Jones v. Harris

On Motion for Rehearing. The record fails to indicate that W. J. Jones made proof of occupancy, but appellants attach to their motion for rehearing what purports to be a copy of proof of occupancy made by Jones after he had sold to Braswell and had removed from the land, which of course is no part of the record and cannot be considered.

The facts of this case disclose that W. J. Jones had bought a tract of public land from the state; that he was a married man; that he entered into the obligations required by law in regard to the land; that he made a small payment on it; that less than two years after the land was purchased Mrs. Jones died; that W. J. Jones and his children continued to live on the land until September 14, 1896, when he sold 200 acres of the land to Braswell and removed to Rosenberg, and in April, 1897, the remaining 120 acres of land was sold by Jones to Brown. At the time of the death of Mrs. Jones community debts existed to Brown, Westendorf, and Bailey, and the obligations to the state for the land were in full force and effect. The debts were not settled by W. J. Jones until after the sale of the land. The debts to Westendorf and Bailey were settled after the sale to Braswell, and the debt to Brown was settled by the sale to him. Braswell and Brown assumed the debts to the state. It was not disclosed how much W. J. Jones owed Westendorf and Bailey, but he admitted owing Brown $100 that was contracted before the death of his wife, while Brown stated it was $300. The debts were paid after the land was sold, and if the identical money that was received from Braswell was not paid to Westendorf for funeral expenses and to Bailey for medical bills, it would not matter, but it is significant that they were not paid for more than two years after the death of Mrs. Jones, and after the sale to Braswell.

The power of Jones to sell was dependent upon the existence of some claim against the community, and Braswell and Brown were under no obligations to inquire into anything except the existence of debts, and the intentions of Jones as to the disposition of the proceeds of the land could not affect their rights, and neither would the fact that the proceeds of the sale largely exceeded the amount of the community debts. Johnson v. Harrison, 48 Tex. 257; Wenar v. Stenzel, 48 Tex. 484. No duty devolved on the purchasers to see that the purchase money was appropriated to the payment of debts. If the purchaser knew there were debts, as both in this case did, and did not act in collusion with the seller to defraud his children, which is not pretended, the secret intentions of the seller to appropriate the money to other purposes than the payment of debts, could not invalidate the sale, and especially would this be true after the property had passed through the hands of persons who have paid valuable considerations for the land without notice of adverse claims. This was held in the case of Sanger v. Moody, 60 Tex. 96, where the facts showed an exchange of community property for other property and the court said: "The property in controversy was not sold for money, but was exchanged for other property, and if the property remained in the hands of the original purchaser there might be some question as to the propriety and validity of such a transaction by a survivor; however, in a given case, such an exchange might be a legitimate method of realizing money indirectly for the purpose of paying debts." It was further held in that case that "the power of the survivor is certainly a general power to sell for the purpose of paying any and every debt the community estate may owe," and that "the purchaser under sales such as the present is not bound to see to the application of the purchase money." Only one community debt was proved in that case.

W. J. Jones stated that he did not remember stating to Braswell or Brown his reasons for selling the land, and what his secret intentions were could not in any manner have affected the validity of the sale, and consequently his testimony as to what his intention was in making the sale made no issue to be submitted to a jury. It was uncontroverted that community debts existed, and the testimony of Brown to the effect that his recollection was that Jones sold the land to him to settle his debt and also get a little cash was not contradicted.

It would be a monstrous doctrine to enunciate, that the title of innocent purchasers for value of property could be destroyed by proof of the secret intentions of a survivor years before to not use the proceeds of the sale of community property for the payment of community debts.
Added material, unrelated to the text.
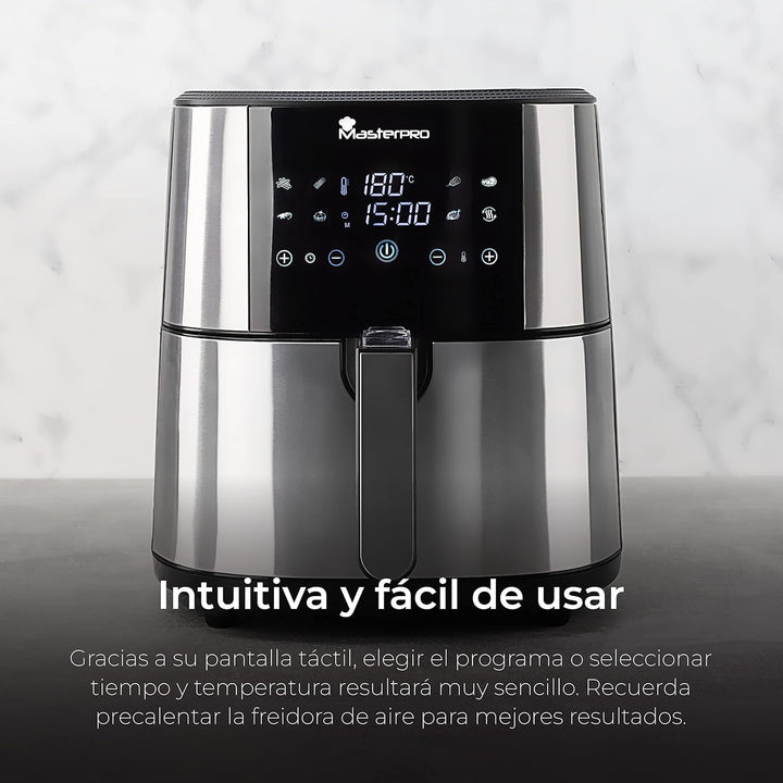 - GESUNDE REZEPTE: Mit unserer Heissluftfritteuse können Sie Speisen mit 90 % weniger Fett zubereiten. Die Leistung von 1800 W garantiert, dass die heisse Luft den gesamten Garraum in einem Winkel von 360° durchströmt und die Speisen knusprig macht.
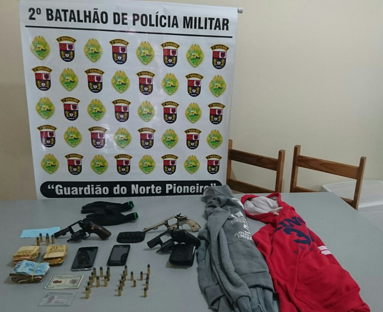 Durante a abordagem, havia dois indivíduos no interior do veículo – 42 e 35 anos, ambos da cidade de Abatiá-PR. No interior do automóvel os PMs encontraram as vestes utilizadas no crime e 1 revolver calibre .38 com 5 munições intactas, além de R$ 7.512,00 em notas diversas, sendo dois maços com cinta timbrada do Banco do Brasil, localizadas dentro do para-choque traseiro do automóvel.

If such be the law it would place in the hands of the survivor a terrible instrument to be used in favor of his children against a purchaser, who would be defenseless because unable to meet such a phase of evidence. No such menace can be permitted to hang over the purchaser of community estate. He is charged with nothing but proof of the existence of community debts, and when that proof is made his duty ceases, and what the secret intention of the survivor in making the sale may have been is a matter of no concern whatever to him. It follows, therefore, that what Jones' intentions may have been did not present an issue to go to the jury. Braswell swore that Jones led him to believe that the former was buying all the land, when he paid Jones $900 *Page 79 and assumed the debt due the state. There was no issue to be submitted to a jury.

The motion for rehearing is overruled.